Really. No sarcasm here.
In my last post, I made a comparison of women who give into peer pressure and have sex before they’re ready to women who claim that men have no say in abortion because it’s not “their” body.
My first problem was that I was frustrated and decided to make a short, snappy statement without any support behind it. My motives were that it seems that if you make a long, debating post, no one pays any attention. You know, tl;dr. But that doesn’t mean I should just surrender and post something that could be taken to mean other than what I was thinking in a voice that sounds mocking rather than insightful. I just wanted to get in and get out, make my point, and be done with it. Still, that was very wrong of me, because when you argue that way, all it does is make people angry. My goal with my posts is never, ever to make people angry, but to make them think, and if desired, start an open and nonjudgmental discussion about the issue.
While I was trying to make a point, I was unaware that so many different interpretations of “let themselves be pressured” could be made. Just to clarify - I did not mean rape or date rape or anything where a woman makes it clear that no means no and is forced to anyway, nor was I putting women who are pressured into sex at fault, nor was I saying that women don’t really want to have sex and are just pressured into it constantly.
My second - and probably more severe - problem was that I used a comparison as sensitive as sex. I apologize. But in discussing with others who argued my last post, I have come up with a better comparison.
As I’ve said before, I’ve learned my lesson. So one tl;dr post coming right up!

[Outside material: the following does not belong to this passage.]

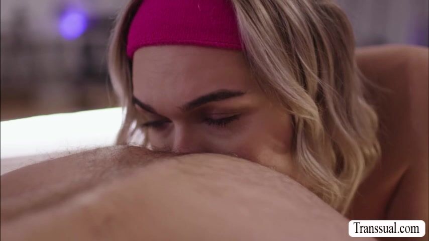 Hot trans babe is doing yoga with a pervert guy and after that,they both get naked and she lets him suck her shecock passionately.In return,she licks his ass first to makes it wet before she fucks it so deep and hard.

I continually hear the argument that men should not have any say in the issue of abortion because it is not their body. I find this very ironic, because it seems like, as far as society is concerned, women as a whole do not have very much control over their body anyway. From a very young age, we are told how we’re supposed to look and how we’re supposed to act. Be skinny. Wear a size 0. Don’t eat cake. Drink diet soda or vitamin water. Get a tan. Wear short skirts. Wear this kind of make up and style your hair this way. Pluck your eyebrows and plump your lips. Wear mascara. If you have children past a certain age, you’re being selfish. If you have children before a certain age, you’re a slut. Use tampons instead of pads. If you sleep with too many people, you’re easy. If you don’t sleep with anyone, you’re a prude. Wear heels all of the time. Straighten your hair. If you ever get a gray hair, dye your entire head. Have a boyfriend constantly, or something must be wrong with you. Pierce your ears. But any more than a double piercing is trashy.
Any of these sound familiar to anyone?
The problem is that as a society, we give into these pressures. Look at teen magazines. They’re all about how to be “sexy.” The articles are hardly ever about something other than make-up and wardrobe tips. If you’re over 25, your magazines are going to teach you how to lose weight and have the perfect figure. If this kind of stuff didn’t work on us, we wouldn’t buy these magazines, and they would have to start writing about other things.
None of this is to say that I’m somehow not at fault. While I don’t buy the magazines, I exercise three times a week - I was not initially motivated because I wanted to be healthy, but because I gained the freshman five and it freaked me out. Even with the freshman five, I was still 15 pounds underweight, yet I felt like I had to lose it. I refuse to leave the house without make-up. Society absolutely has a say in my body, and even though I don’t know how to get around it and break free from the pressure, I know that it’s a bad thing.
The ironic thing to me, though, is that many women will agree that men are not allowed to state their opinion about abortion. They say it’s their body and men should not get any say. At the same time, women are constantly being told by society - and you know that society is heavily influenced by what men think of them - how to look and what to do to their body.
While I would argue that abortion is different because it is, in fact, neither the man or the woman’s body, but the baby’s body, the concept is still there. It’s unfair that men are able to hold such a say over women, except for in an issue that men - fathers - need to have a say in.
Again, I apologize for how crude my last post was. I hope this more accurately expresses the point I was trying to get across before.